• Problem statement: Please give the whole listing again word for word, and drop any pictures it holds.

• Information supplied:
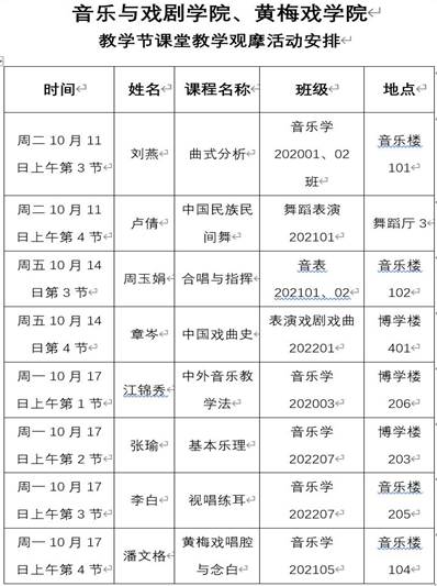 根据公司2022年首届教学节活动总体部署,音乐与戏剧公司、黄梅戏公司于10月7日-10月11日举行课堂教学观摩活动,公司全体领导班子成员、系主任和教研室主任、部分教师代表参加观摩。
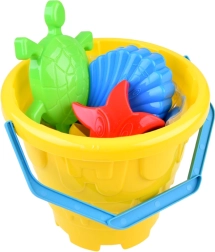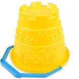 Plastový vedro s modrou rukoväťou a formičkami vo vnútri vám umožňuje ľahké prenášanie na pláž alebo do záhrady.
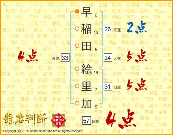 早(6画)稲(15画)田(5画) 絵(19画)里(7画)加(5画)

• Answer box:
 根据公司2022年首届教学节活动总体部署,音乐与戏剧公司、黄梅戏公司于10月7日-10月11日举行课堂教学观摩活动,公司全体领导班子成员、系主任和教研室主任、部分教师代表参加观摩。
 Plastový vedro s modrou rukoväťou a formičkami vo vnútri vám umožňuje ľahké prenášanie na pláž alebo do záhrady.
 早(6画)稲(15画)田(5画) 絵(19画)里(7画)加(5画)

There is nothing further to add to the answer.